▸ **What you are asked to do**: Set the listing down again exactly, please, apart from its pictures.

▸ **Collected data**:
● ● ● ●
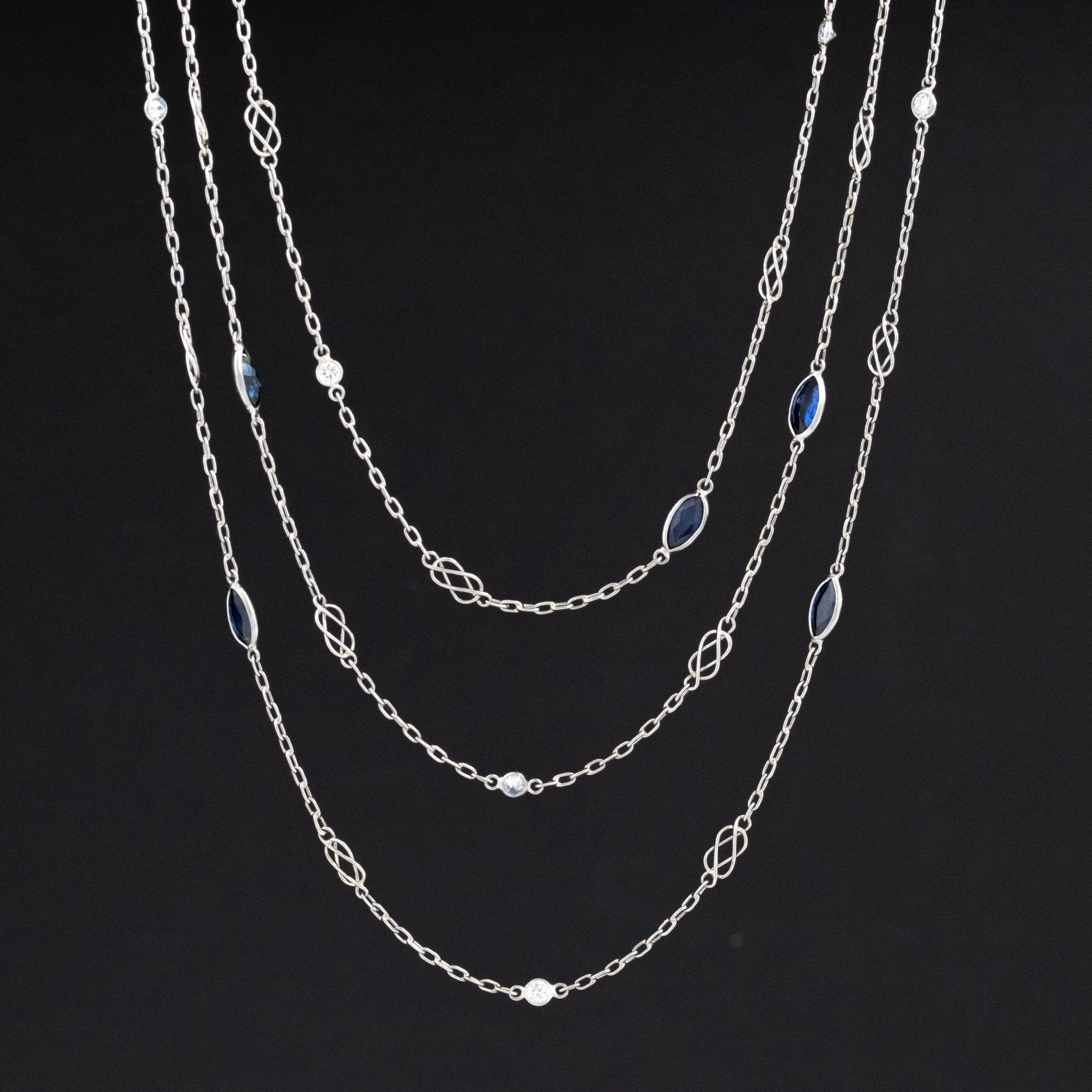 4.66ctw Sapphire and Diamond Station Necklace, 56"
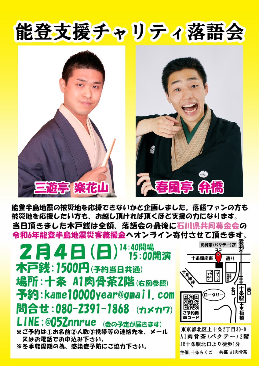 十条らくご@1/20弁橋陽乃丸会2/4チャリティ落語会
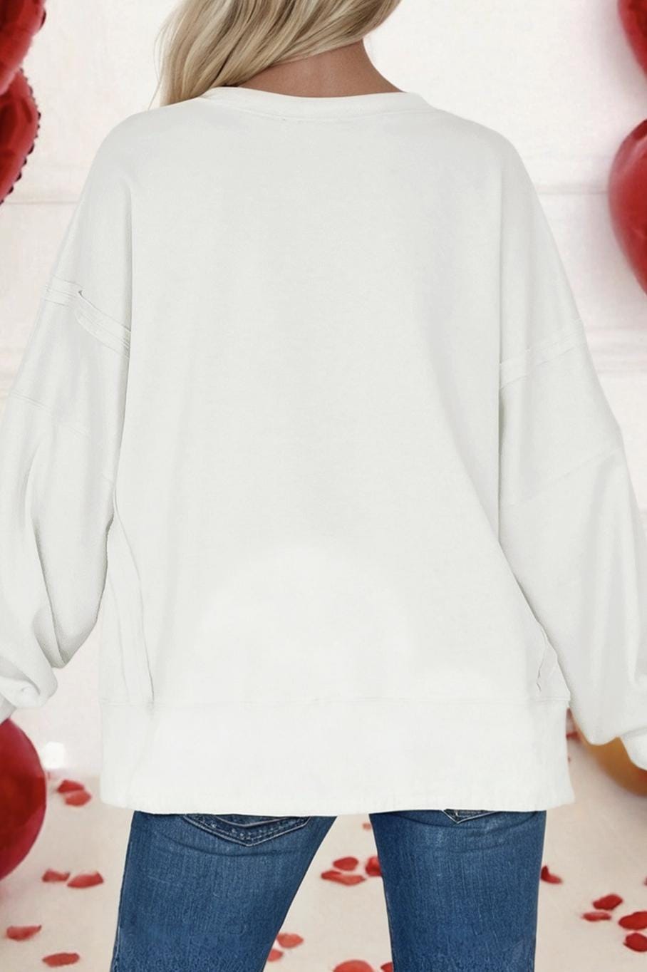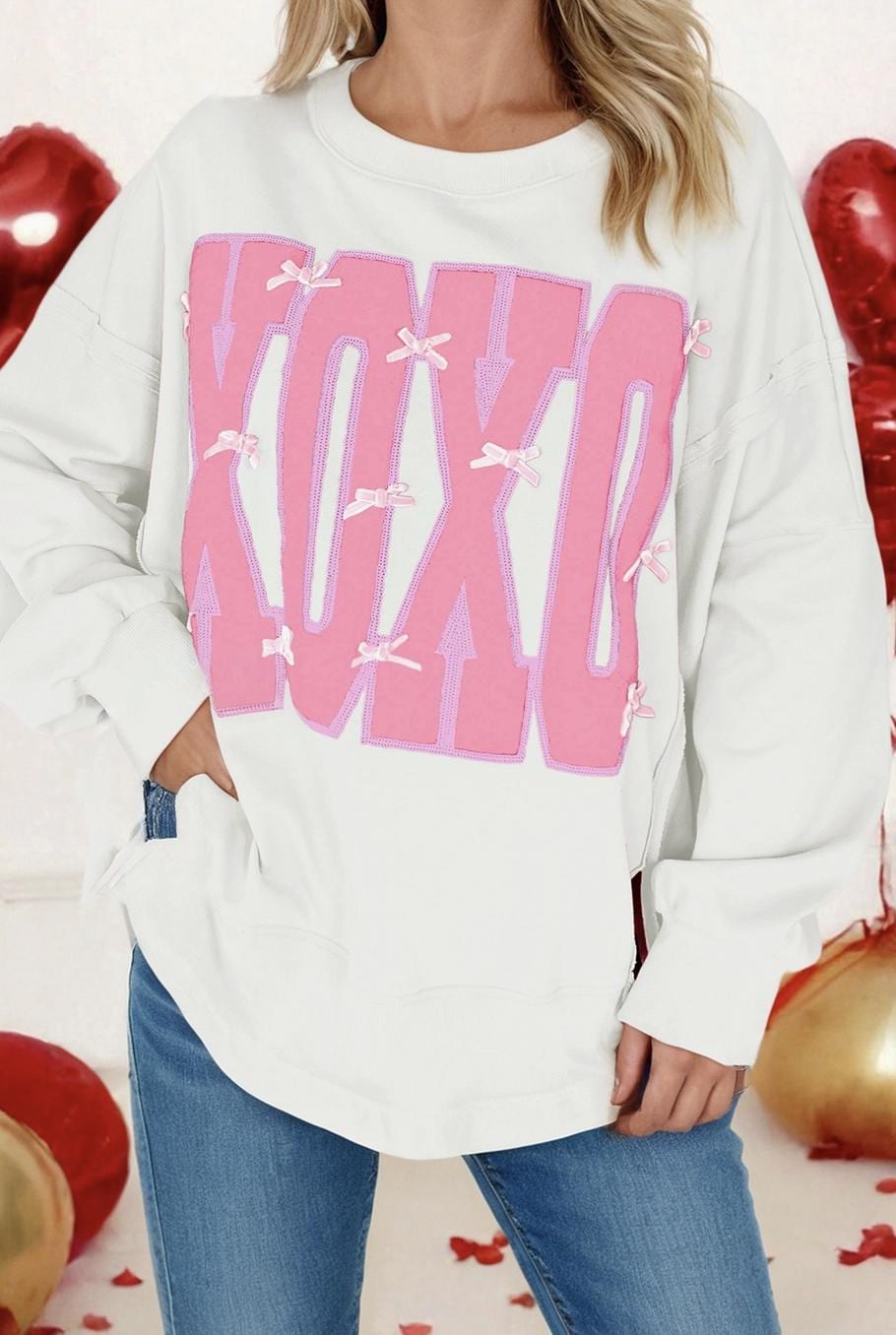 White Bow Sequin Xoxo Letter Graphic Exposed Seam Baggy Sweatshirt
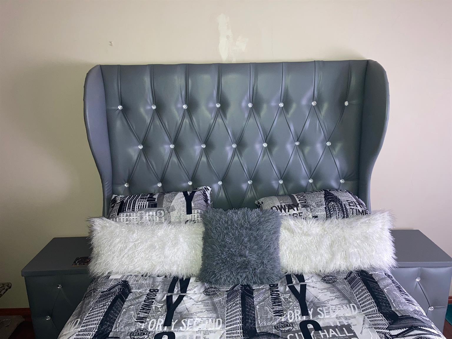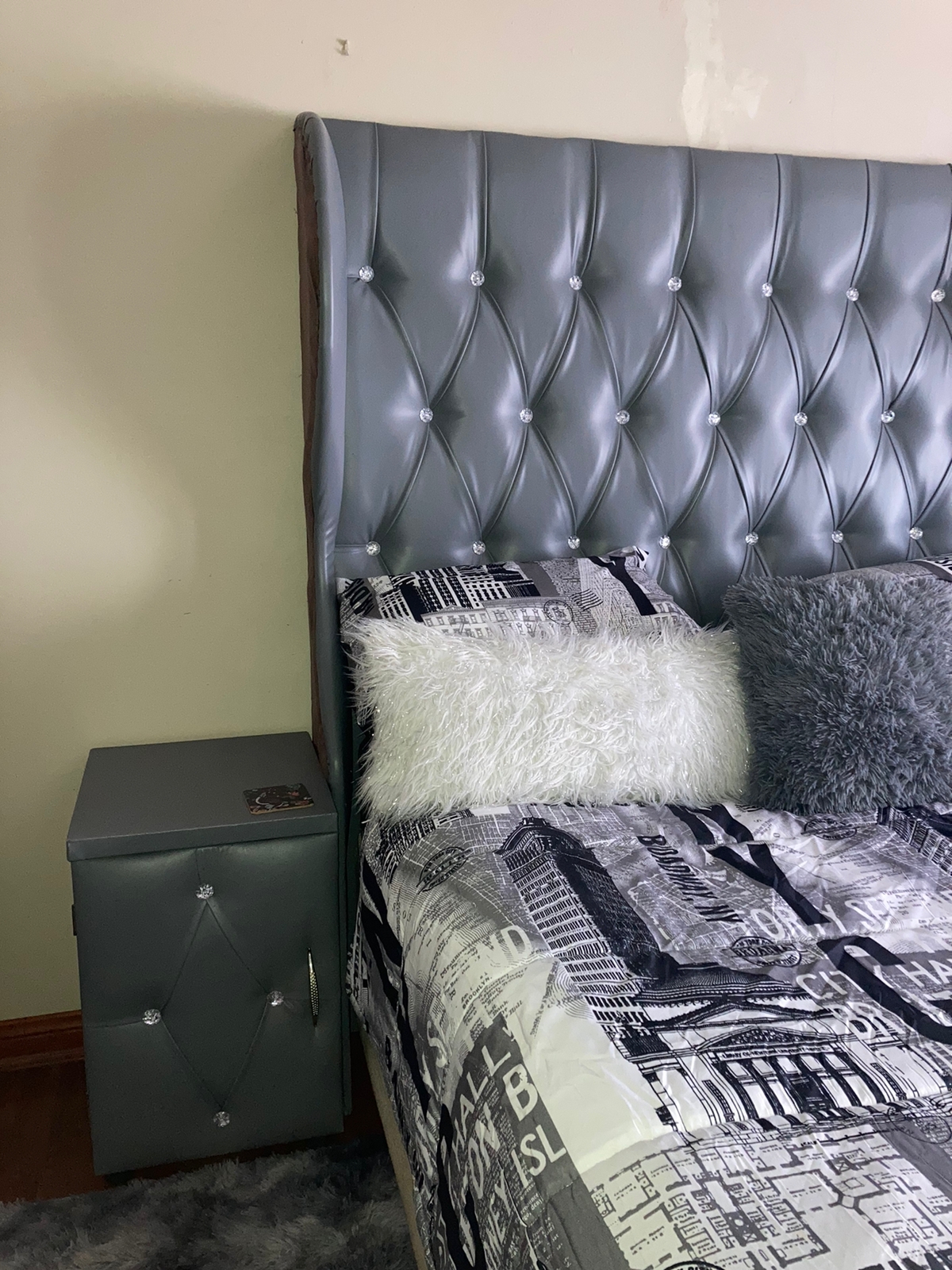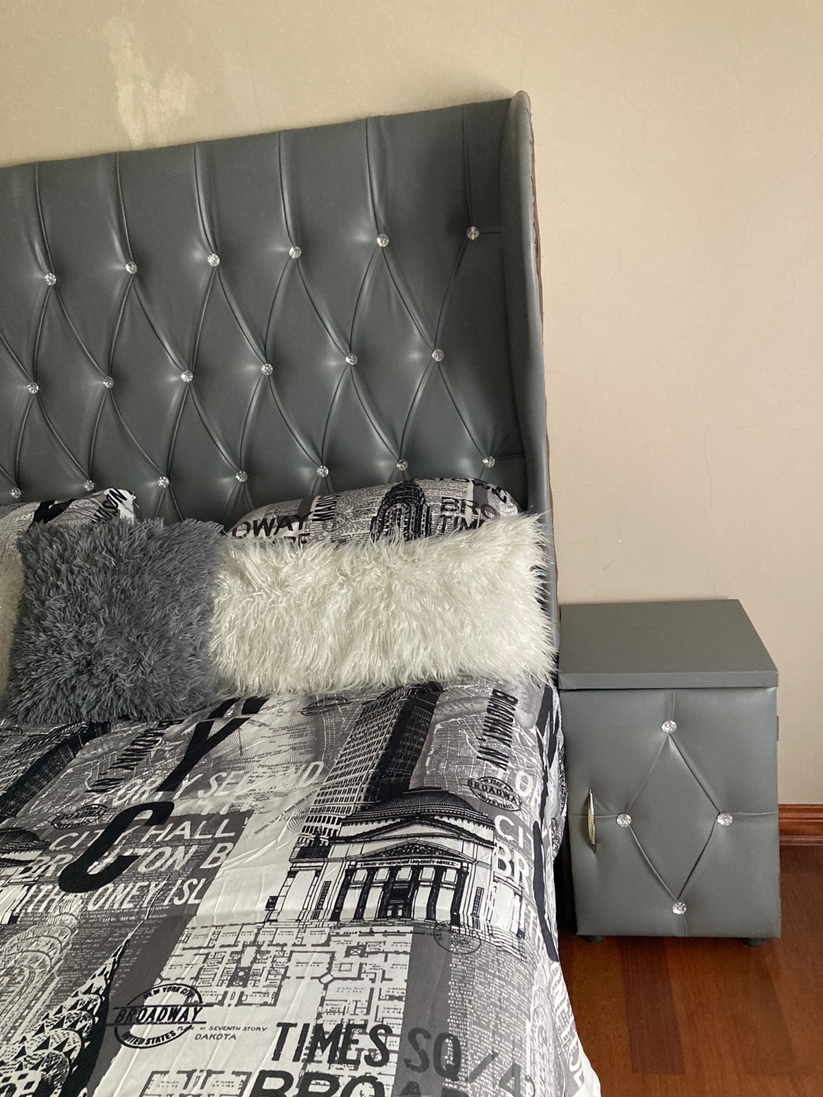 Grey Leather Headboard Set (Incl Bedside Tables). More details:
● ● ● ●
▸ **Output of the exercise**:
 4.66ctw Sapphire and Diamond Station Necklace, 56"
 十条らくご@1/20弁橋陽乃丸会2/4チャリティ落語会
 White Bow Sequin Xoxo Letter Graphic Exposed Seam Baggy Sweatshirt
 Grey Leather Headboard Set (Incl Bedside Tables). More details:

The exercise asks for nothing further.